Dienstag, 5. Mai 2009

Oktopus und Schlange

Wie uns von unseren Bekannten aus Richards Bay, die in PE wohnen, empfohlen, haben wir uns in der Pine Lodge in Port Elisabeth (PE) für 3 Tage niedergelassen. Die Pine Lodge ist eine Art Hochzeits-/Seminarressort, das halt auch eine Campsite hat. Eine merkwürdige Kombination aus Campsite, Chalets und Seminarräumlichkeiten aber ganz nett und unmittelbar hinter den Dünen mit Zugang zum Strand gelegen. Wir wurden gewarnt, dass der Strand nachts nicht sicher ist und schon einiges Unerfreuliches dort passiert ist. Unter Tags sollte es aber OK sein. Da Jürgen gestern erstmals erfolgreich geangelt hat wollte er es am nächsten Tag nochmals versuchen. Als er dann gegen Abend alleine am Strand angelnd Schüsse gehört hat sind ihm die warnenden Worte von der Tante an der Rezeption wieder eingefallen und er hat schleunigst zusammengepackt und ist zum Womo zurückgekehrt.
Am nächsten Tag wurden wir von Pat und Mac, den Bekannten aus Richards Bay, abgeholt und in PE herumgeführt. PE ist eine interessante, freundliche und saubere Stadt mit einer tollen Sea- Promenade, schönen alten Gebäuden und viel zu vielen interessanten Dingen zu tun und sehen. Wir haben auch das WM Stadion gesehen, dass gerade im Fertigwerden ist. Übrigens, die Tickets für die WM Spiele sind, trotz der verhältnismäßig geringen Preise für Einheimische, eher Ladenhüter und es gibt noch mehr als genug Karten. Vielen Südafrikanern ist die WM ziemlich Wurst und sie würden nicht einmal mit einer Freikarte hingehen. Soccer ist halt das Spiel der (weniger finanzkräftigen) Schwarzen. In Bloomfontein hat uns ein Südafrikaner erzählt, dass sein Bruder eine Security Firma hat, die auch bei der WM im Einsatz sein wird. Die werden dann alle Bekannten sowieso gratis einlassen. Er wird`s auch noch rausfinden.
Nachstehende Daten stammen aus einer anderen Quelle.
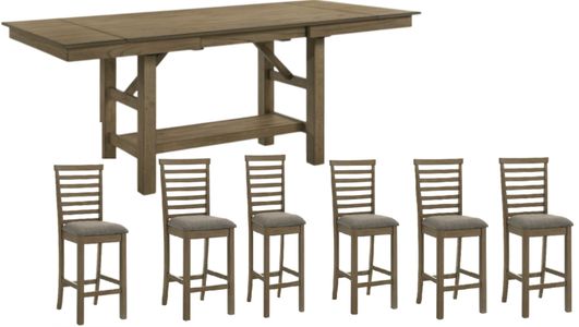 Set includes gathering table and 6 slat back upholstered counter chairs
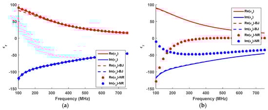 Real and imaginary parts of the dielectric permittivity estimated with NRW and the iterative method employing the Debye dispersion model with μr = 1 for the case of a dielectric sample with thickness equal to 10 cm (a) and 15 cm (b). In this case, the processed data are not affected by noise.

Der Tag mit Pat und Mac war sehr nett und wir haben Bereiche angesteuert, wo wir sonst nie hingekommen wären. Ein sehr netter Tag mit Freunden!! Übrigens, die Sache mit den Schüssen hat sich dabei auch aufgeklärt; hinter den Dünen hat sich ein Schießplatz befunden.
Weiter ging es dann am nächsten Tag nach Jeffreys Bay (kurz und liebevoll J-Bay genannt), dem Surfparadies (es gehört weltweit zu den Top 5 Surfgebieten) von Südafrika. Trotz der späten Ankunft wurde es noch ziemlich ereignisreich. Zuerst wurde noch von Eva beim Strandspaziergang ein Oktopus gesichtet und gefangen, der dann von Kilian stolz allen Passanten gezeigt wurde. Als Jürgen die Feuerstelle für das abendliche Lagerfeuer herrichten wollte, hat er eine kleine Schlange vorgefunden. Diese wurde mit der Grillzange in einen Kübel verfrachtet und dann so weit wie möglich weggebracht (vermutlich handelte es sich um einen ungefährliche „braune Hausschlange“). Schlangen sind wie Gemüse kein geeignetes Grillgut (Ergänzung zum Blog-Spezial zum Thema Grillen).
Die Campsite liegt direkt am Meer und ist zur Zeit nicht gerade voll belegt, aber gut ausgeleuchtet und eben, ohne zu viele Hindernisse (Sträucher). Dies haben wir uns – auf Initiative unserer Jungs – zunutze gemacht und bei Flutlicht noch einen gemeinsamen Abendkick gemacht. Der Enthusiasmus und die Ausdauer, die beide zum Kicken entdeckt haben sind sehenswert!!! Zur Zeit sitzen wir am Lagerfeuer und genießen das Knistern des Feuers und das Rauschen des Meeres – vermutlich werden wir hier noch einen Tag anhängen.